Please output exactly the lines below, starting at the line that has "57 м² · Этаж 12 из 16" and ending at the line that has "1月6日,大亚人造板集团与重", both included; leave out all pictures and include nothing else.

(Source data)
□ □ □ □ □

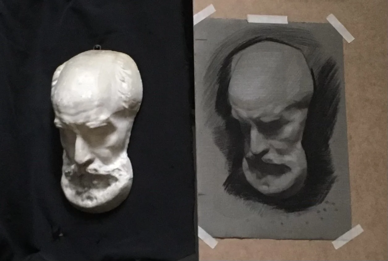 Vid dessa övningar kommer ännu mer betoning läggas vid hur du stämmer valörerna och förmedlar form, ljus och atmosfär samt visuell hierarki genom intressefokus. Vi kommer börja med att teckna efter enklare anletsdrag för att sedan gå vidare med olika ansiktsmasker, och slutligen fristående skulpturer. Det sista projektet kommer att tecknas på tonat papper, vilket gör det möjligt att utöver kol också göra förhöjningar med vit krita. Detta fördjupar förståelsen för valörer och är en teknik som mer efterhärmar måleri.
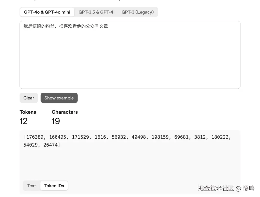 我们不仅可以看到它分词的文本,还可以看到每个 token 的 ID。
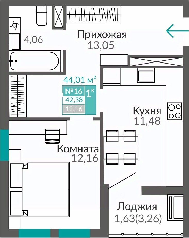 57 м² · Этаж 12 из 16
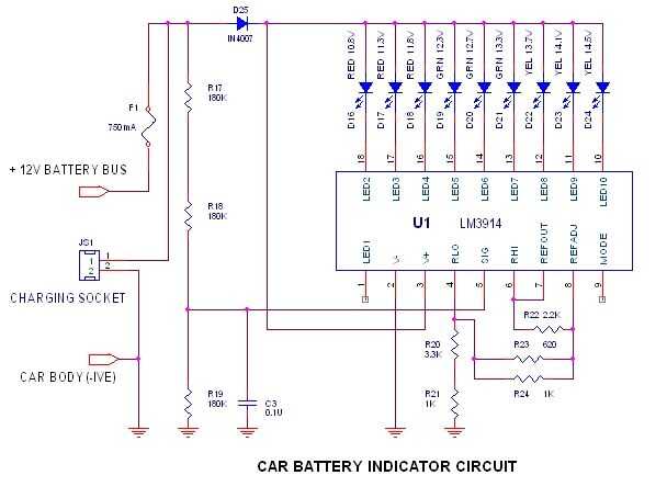 He utilizado el chip de controlador de pantalla LM3914 bar/punto, unas resistencias y unos LEDs, para implementar un simple voltímetro de escala ampliada. Elegir las resistencias con el fin de crear una gama de voltaje de entrada de 10 v a 15V compatible con el circuito abierto y el voltaje de carga para una batería de ácido plomo de 12V.
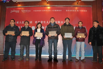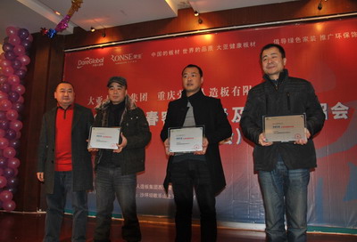 1月6日,大亚人造板集团与重庆荣生人造板有限公司“2011年新春客户恳谈及商品介绍会”以团拜会的议程形式在歌乐山庄园会议厅圆满举行。此次活动邀请到了搜狐家居网、商报、时报等主流媒体。同时也表现出了主办方对此次团拜会的重视,活动现场各地供应商经销商相互分享经验,许多优秀的经销商获得了主办方颁发的荣誉奖杯及奖品。主办方还为前来的宾客准备了丰盛的晚宴,欢快的节目演绎以及精美的礼品等。
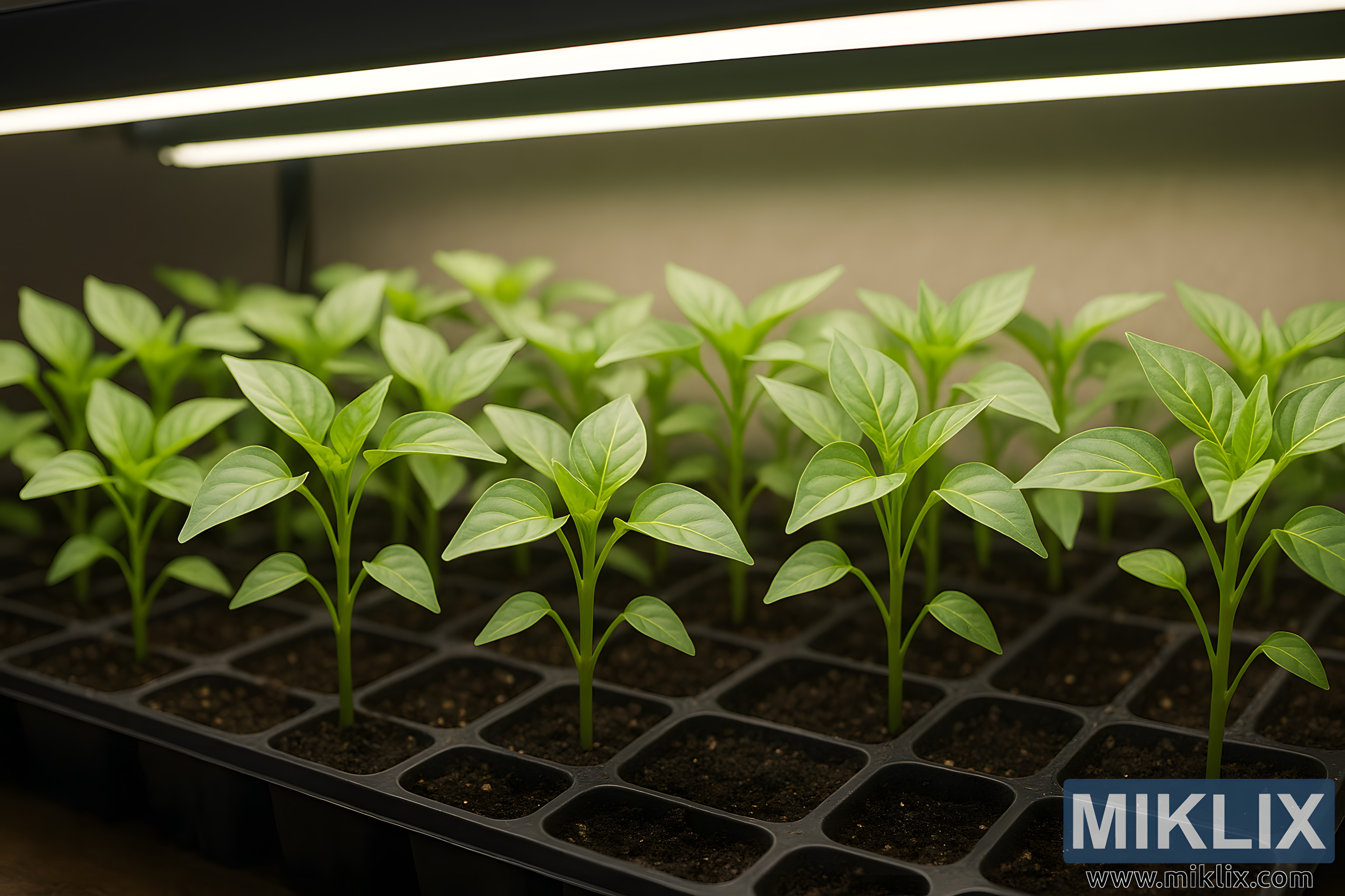 Slika prikazuje krupni plan, visoke rezolucije mladih sadnica paprike koje rastu u urednim crnim plastičnim posudama za sjeme postavljenim ispod jakih unutarnjih svjetala za uzgoj. Svaka sadnica stoji u svojoj maloj kvadratnoj ćeliji ispunjenoj tamnom, vlažnom zemljom za posude koja je u oštrom kontrastu sa živopisnom, svježom zelenom bojom listova koji se pojavljuju. Sadnice su u ranoj fazi razvoja, pokazujući vitke stabljike koje se samouvjereno uzdižu iz tla i podupiru parove glatkih, blago suženih listova. Ovi listovi pokazuju nježan uzorak žila koji postaje istaknutiji kako svjetlost prolazi preko njihovih blago sjajnih površina. Svjetla za uzgoj iznad bacaju toplo, ravnomjerno osvjetljenje na sadnice, ističući njihovu ujednačenost i zdravlje. Meki sjaj stvara suptilne sjene iza stabljika i posuda, dodajući dimenzionalnost i osjećaj dubine sceni. Redovi sadnica protežu se prema pozadini, postupno blijedeći u mekši fokus, što pojačava dojam opsežnog uzgoja u zatvorenom prostoru. Okoliš se čini čistim, stabilnim i pažljivo upravljanim, što sugerira kontrolirani uzgojni sustav koji vrtlari i hortikulturni entuzijasti često koriste za rano posađivanje paprike u sezoni. Cjelokupna kompozicija naglašava rast, red i vitalnost, obuhvaćajući obećanje svojstveno ovim malim biljkama dok se pripremaju za kasnije presađivanje u veće posude ili vanjske vrtne gredice. Osvjetljenje i jasnoća slike omogućuju da se svaki mali detalj - od zrnate teksture tla do suptilne zakrivljenosti najmlađih listova - promatra s preciznošću, dajući gledatelju osjećaj i znanstvene pažnje i prirodne ljepote. Sadnice izgledaju jednoliko zdravo, stabljike uspravne, a listovi simetrični, što ukazuje na idealne uvjete vlage, topline i osvjetljenja. Ovaj prizor prenosi i praktičnost uzgoja sjemena u zatvorenom prostoru i tiho zadovoljstvo koje proizlazi iz promatranja kako novi život pušta korijenje u pažljivo uzgojenim uvjetima.
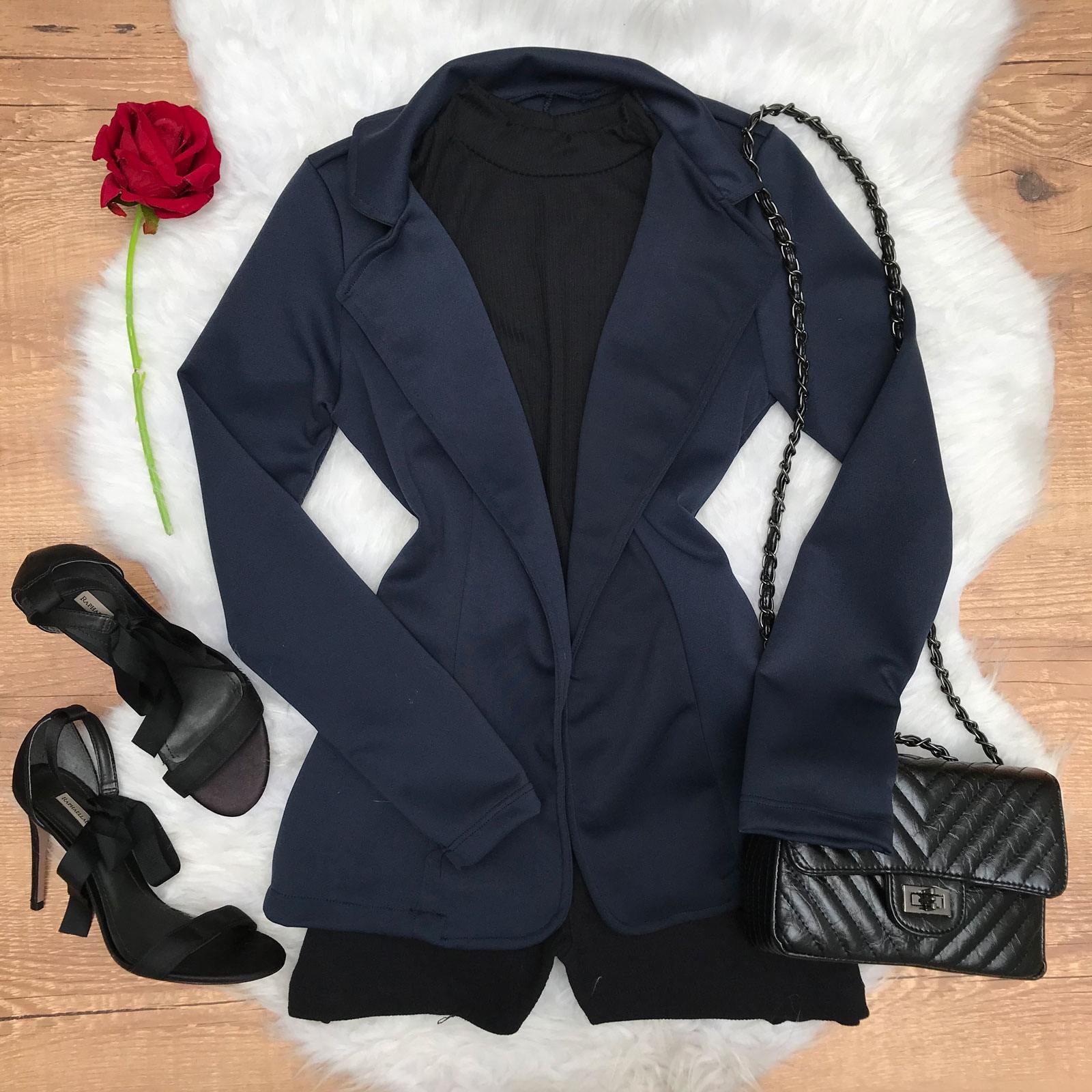 BLAZER ACINTURADO NEOPRENE GROSSO AZUL MARINHO

□ □ □ □ □

▶ **YOUR RESPONSE**
 57 м² · Этаж 12 из 16
 He utilizado el chip de controlador de pantalla LM3914 bar/punto, unas resistencias y unos LEDs, para implementar un simple voltímetro de escala ampliada. Elegir las resistencias con el fin de crear una gama de voltaje de entrada de 10 v a 15V compatible con el circuito abierto y el voltaje de carga para una batería de ácido plomo de 12V.
 1月6日,大亚人造板集团与重庆荣生人造板有限公司“2011年新春客户恳谈及商品介绍会”以团拜会的议程形式在歌乐山庄园会议厅圆满举行。此次活动邀请到了搜狐家居网、商报、时报等主流媒体。同时也表现出了主办方对此次团拜会的重视,活动现场各地供应商经销商相互分享经验,许多优秀的经销商获得了主办方颁发的荣誉奖杯及奖品。主办方还为前来的宾客准备了丰盛的晚宴,欢快的节目演绎以及精美的礼品等。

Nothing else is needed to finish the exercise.